## [AIM OF THE EXERCISE]
Without the pictures, reproduce the records that follow exactly.

Data entries
+ + +

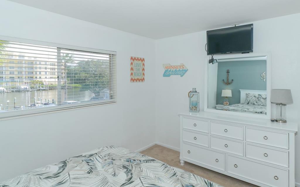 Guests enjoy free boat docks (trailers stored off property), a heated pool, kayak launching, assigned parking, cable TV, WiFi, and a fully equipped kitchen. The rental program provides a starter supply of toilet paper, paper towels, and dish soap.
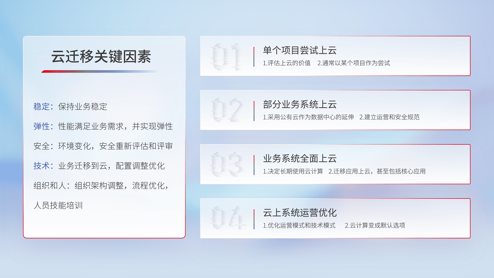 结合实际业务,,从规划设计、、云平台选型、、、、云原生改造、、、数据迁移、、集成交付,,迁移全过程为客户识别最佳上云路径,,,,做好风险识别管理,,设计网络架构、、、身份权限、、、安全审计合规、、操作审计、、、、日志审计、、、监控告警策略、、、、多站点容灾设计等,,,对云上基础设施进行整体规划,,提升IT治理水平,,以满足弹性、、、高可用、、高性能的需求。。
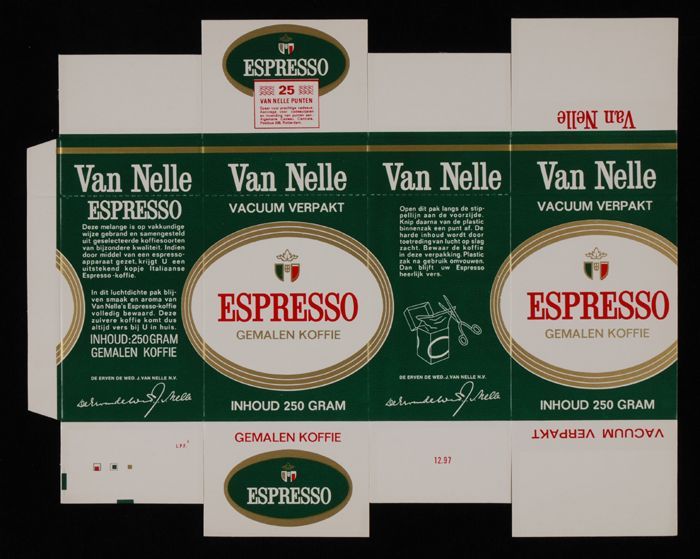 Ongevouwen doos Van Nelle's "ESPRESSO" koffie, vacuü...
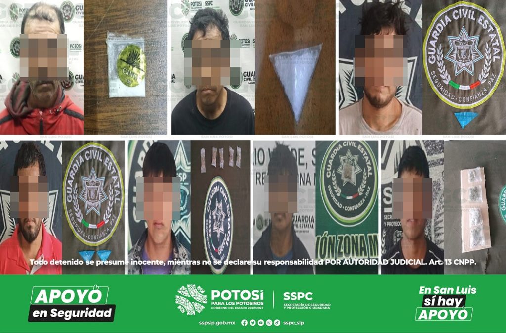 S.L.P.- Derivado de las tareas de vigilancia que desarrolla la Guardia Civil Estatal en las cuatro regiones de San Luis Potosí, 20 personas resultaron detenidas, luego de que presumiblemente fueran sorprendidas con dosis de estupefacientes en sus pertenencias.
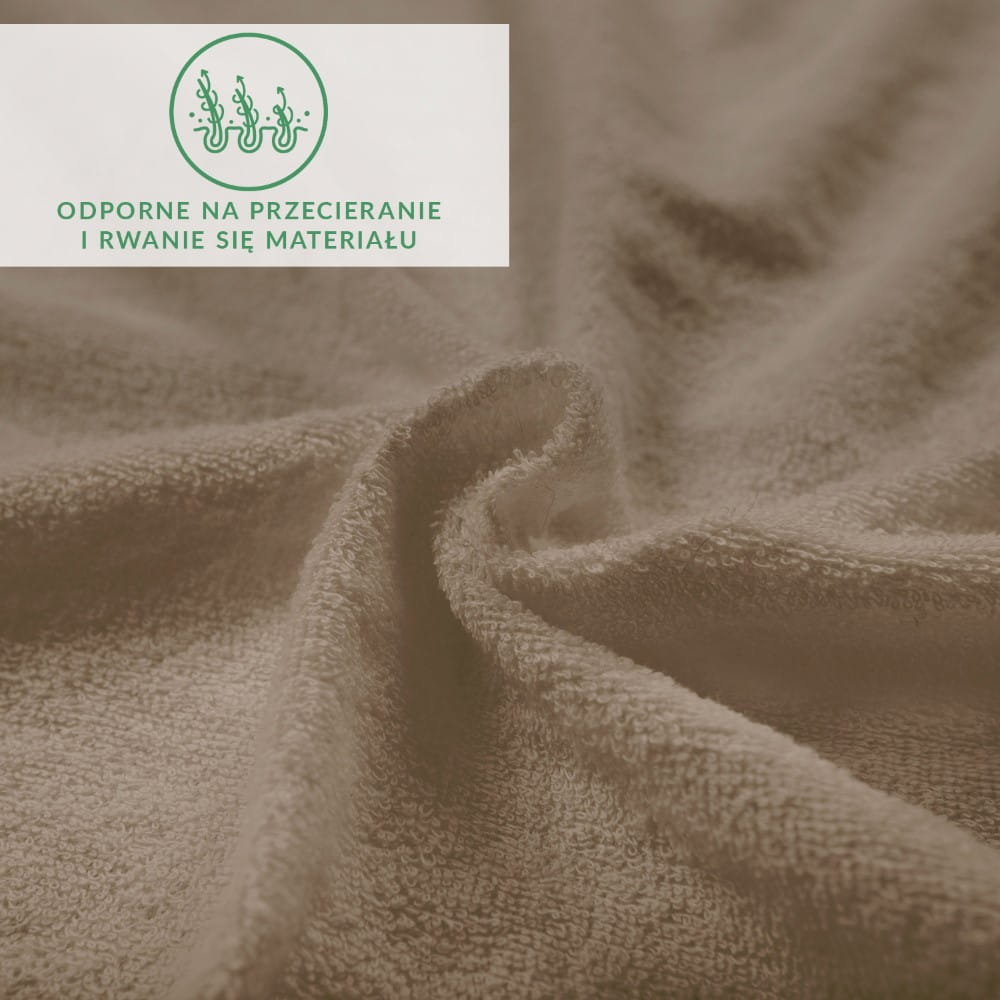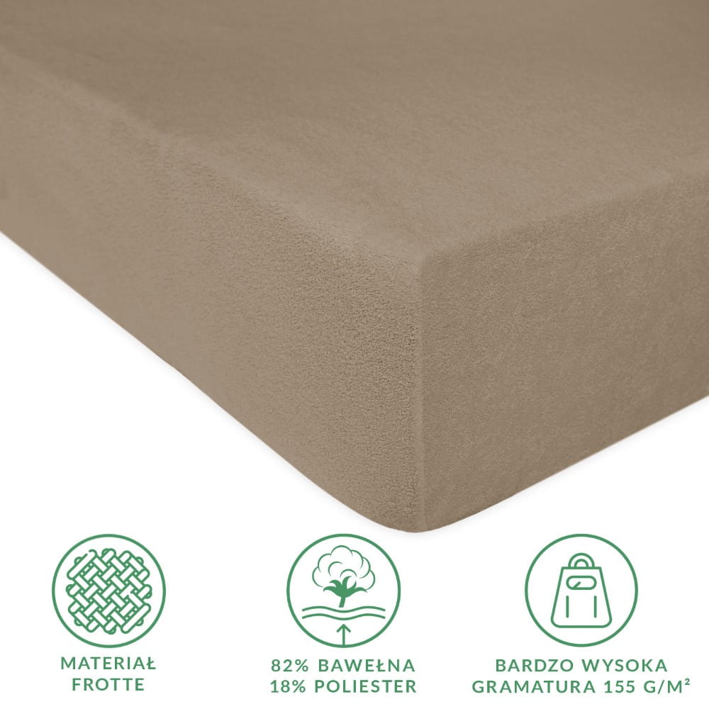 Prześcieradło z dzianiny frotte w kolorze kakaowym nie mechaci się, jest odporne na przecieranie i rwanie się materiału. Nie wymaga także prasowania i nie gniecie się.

+ + +

## [REPLY]
 Guests enjoy free boat docks (trailers stored off property), a heated pool, kayak launching, assigned parking, cable TV, WiFi, and a fully equipped kitchen. The rental program provides a starter supply of toilet paper, paper towels, and dish soap.
 结合实际业务,,从规划设计、、云平台选型、、、、云原生改造、、、数据迁移、、集成交付,,迁移全过程为客户识别最佳上云路径,,,,做好风险识别管理,,设计网络架构、、、身份权限、、、安全审计合规、、操作审计、、、、日志审计、、、监控告警策略、、、、多站点容灾设计等,,,对云上基础设施进行整体规划,,提升IT治理水平,,以满足弹性、、、高可用、、高性能的需求。。
 Ongevouwen doos Van Nelle's "ESPRESSO" koffie, vacuü...
 S.L.P.- Derivado de las tareas de vigilancia que desarrolla la Guardia Civil Estatal en las cuatro regiones de San Luis Potosí, 20 personas resultaron detenidas, luego de que presumiblemente fueran sorprendidas con dosis de estupefacientes en sus pertenencias.
 Prześcieradło z dzianiny frotte w kolorze kakaowym nie mechaci się, jest odporne na przecieranie i rwanie się materiału. Nie wymaga także prasowania i nie gniecie się.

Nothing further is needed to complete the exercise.